Let $a$ be a constant, X is a standard normal and $\Phi$ is the c.d.f. of standard normal.
- what is the $$E[\Phi(aX)]$$
- what is the $$E[\Phi(X + a])]$$
my approach would be to derive the density of $g(X) = Y = aX$ and of $g(X)=Y=X+a$ (which should result in $1/a$ and $1$, respectively. Please let me know if this sounds correct.)
Is there a faster way? I found the below answer but do not take into account the role of the constant. Once we have a constant we can't cancel out the two c.d.f.

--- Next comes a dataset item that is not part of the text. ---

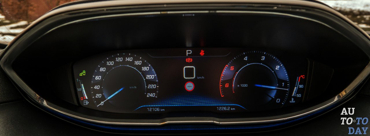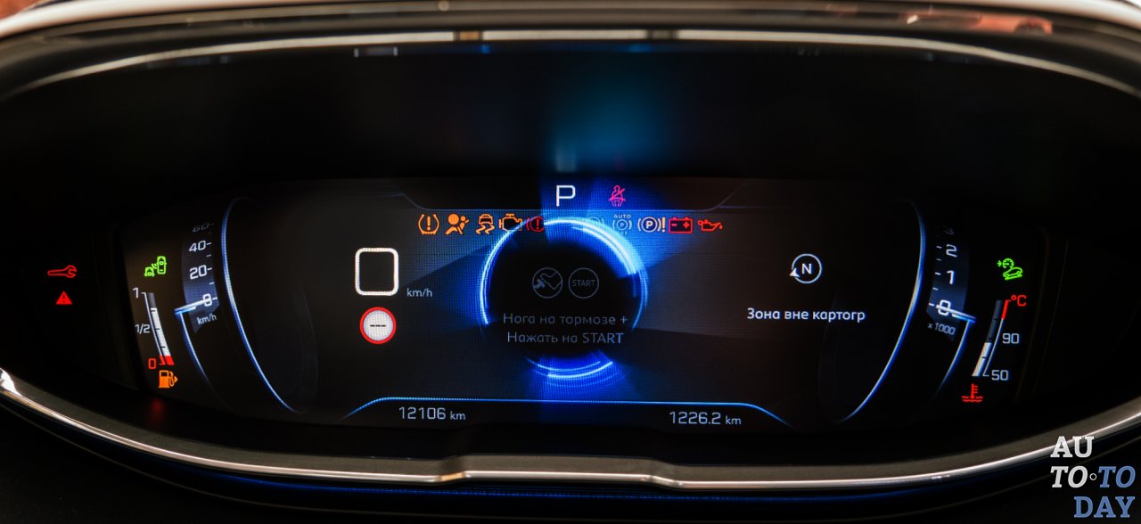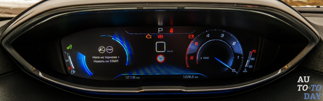 Концепцией построения рабочего места водителя i-Cocpit французские инженеры и дизайнеры, наверное, в новом автомобиле гордятся больше всего. О ее особенностях (руль малого диаметра, электронный щиток приборов и пр.) мне на почту приходил не один пресс-релиз. Каков же она в деле? Рулевое колесо со срезанными верхним и нижним секторами оказался удобным в использовании. Очень прикольно при маневрировании держаться как раз за эти срезанные части. К тому факту, что на щиток приборов нужно смотреть не через руль, а поверх него, нужно привыкнуть. Вашему покорному слуге на это потребовалось не больше часа.

In my approach i get to $$\Phi\large(g^{-1}(x)\large)$$ and then using chain rule to arrive to the density. Results that i get doing this are indeed $1/a$ and $1$.
Here is another way:
By writing down the integral you can notice that $$\mathbb{E}[\Phi(X+a)] = P(Y \leq Z + a)$$ where $Y, Z \sim \mathcal{N}(0,1)$ are independent. Then $Y-Z\sim \mathcal{N}(0, 2)$ so $$\mathbb{E}[\Phi(X+a)] = P(Y - Z \leq a) = \Phi\left(\frac{a}{\sqrt{2}}\right)$$
The case of $\mathbb{E}[aX]$ is even easier! As before, notice that $$\mathbb{E}[\Phi(aX)] = P\left(Y \leq aZ\right)$$ with $Y,Z \sim \mathcal{N}(0,1)$ independent. But $Y-aZ \sim \mathcal{N}(0,1+a^2)$ and from there you get $$\mathbb{E}[\Phi(aX)] = P(Y-aZ \leq 0) = \Phi(0) = \frac{1}{2}$$
EDIT: Here is a more detailed calculation:
Let $\phi(x)$ be the CDF of a standard normal RV. Then LOTUS tells us that $$\mathbb{E}[\Phi(X+a)]=\int_{-\infty}^\infty \Phi(x+a)\phi(x)dx$$ By definition, $$\Phi(x) = \int_{-\infty}^x \phi(t)dt$$ so $$\mathbb{E}[\Phi(X+a)]=\int_{-\infty}^\infty \int_{-\infty}^{x+a}\phi(t)\phi(x)\,dtdx$$ which is exactly what you would get if you were to calculate the probability $P(Y\leq Z+a)$ (up to renaming of the dummy integration variables).